Metadata-Version: 2.1
Name: aksara
Version: 1.14
Summary: Aksara is an Indonesian NLP tool that conforms to the Universal Dependencies (UD) v2
Project-URL: Source Code, https://github.com/ir-nlp-csui/aksara
Project-URL: Issue Tracker, https://github.com/ir-nlp-csui/aksara/issues
Description-Content-Type: text/markdown
License-File: LICENSE

# Summary

Aksara is an Indonesian NLP tool that conforms to the [Universal Dependencies (UD) v2](https://universaldependencies.org/) annotation guidelines. Aksara can perform **five tasks**:
* Word segmentation (tokenization)
* Lemmatization
* POS tagging
* Morphological features analysis
* Dependency Parsing

The output is in the [CoNLL-U format](https://universaldependencies.org/format.html).

# Installation

1. Install [Foma](https://fomafst.github.io/). 
    
    a.  Linux <br>

    1. `apt-get install foma-bin`.
    
        Make sure you have the privilege to install package or  use `sudo`.
    
    b.  Windows
        
    1. Get precompiled foma binary from [foma-zip](https://bitbucket.org/mhulden/foma/downloads/)

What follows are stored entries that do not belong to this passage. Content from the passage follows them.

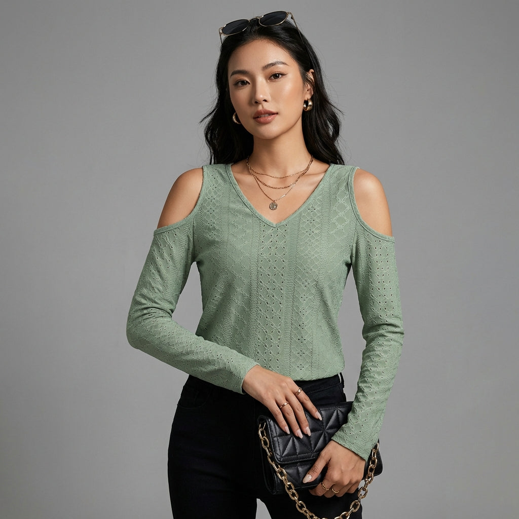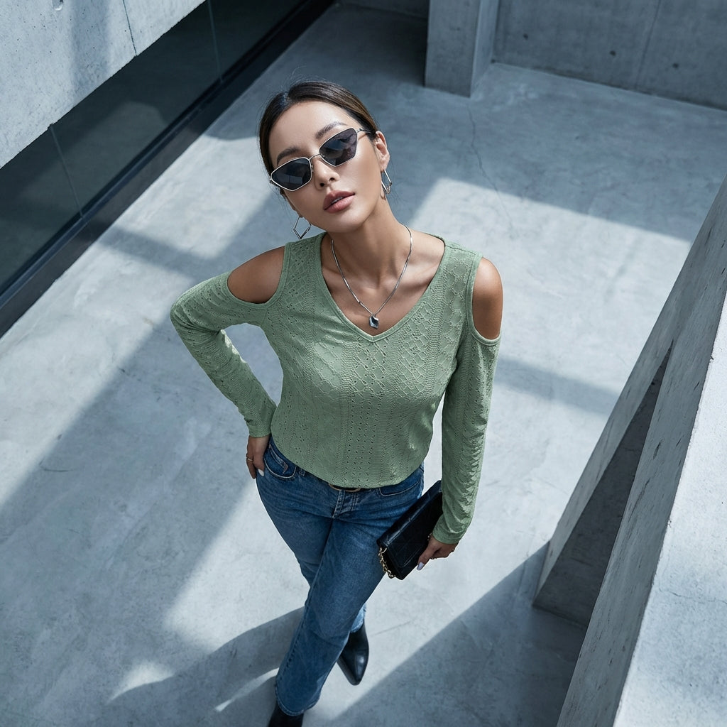 - Tipo: Top a maniche lunghe, Spalla scoperta, Scollo a V. Un design traforato che rivela sottilmente la pelle per un tocco di femminilità.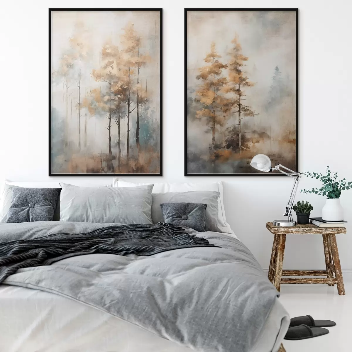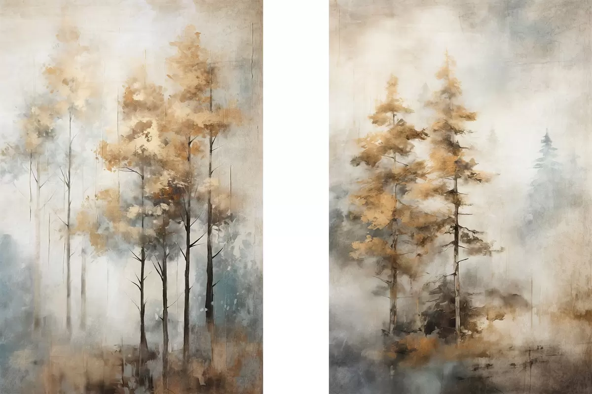 Poster Tekstureeritud kõrged puud kollaste lehtedega metsas , taustal on pehme sinise ja pruuni tooni segu Nr d00528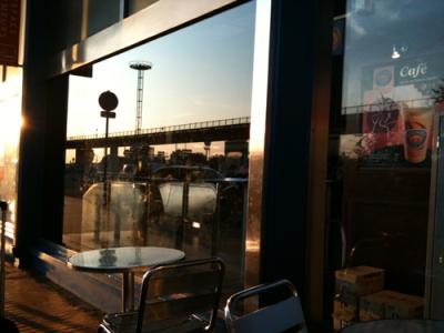 Einen Café crème besorgt, dann nach draußen vor die Halle gesetzt und geraucht.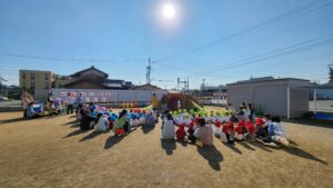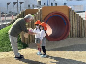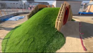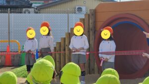 2025/11/17 築山 竣工式 本日、園庭に新しい遊具 “築山(つきやま)”が完成し、 その竣工式がありました。 下にはトンネル 階段を上って芝生の滑り台!! そんな遊具が仲間入りしました。 竣工式では テープカットに、 作っていただいた方に花束贈呈。 それを真剣に見ている子どもたち。 使い方のお約束もしっかり聞けていました。 最後は実際に使ってみました。 外遊びがますます楽しくなりそうです。 最後までお読みいただき、感謝いたします♡

    2. Unzip the precompiled foma binary
        
    3. Add the win32 folder path (from precompiled foma zip) to environment variable PATH

    c. MacOS

    1. `brew install foma`

2. [OPTIONAL] It is strongly recommended to use virtual environment (see [venv](https://docs.python.org/3/library/venv.html) on how to create Python virtual environment using venv) to avoid dependency conflict.

3. Use the package manager [pip](https://pip.pypa.io/en/stable/) to install Aksara library.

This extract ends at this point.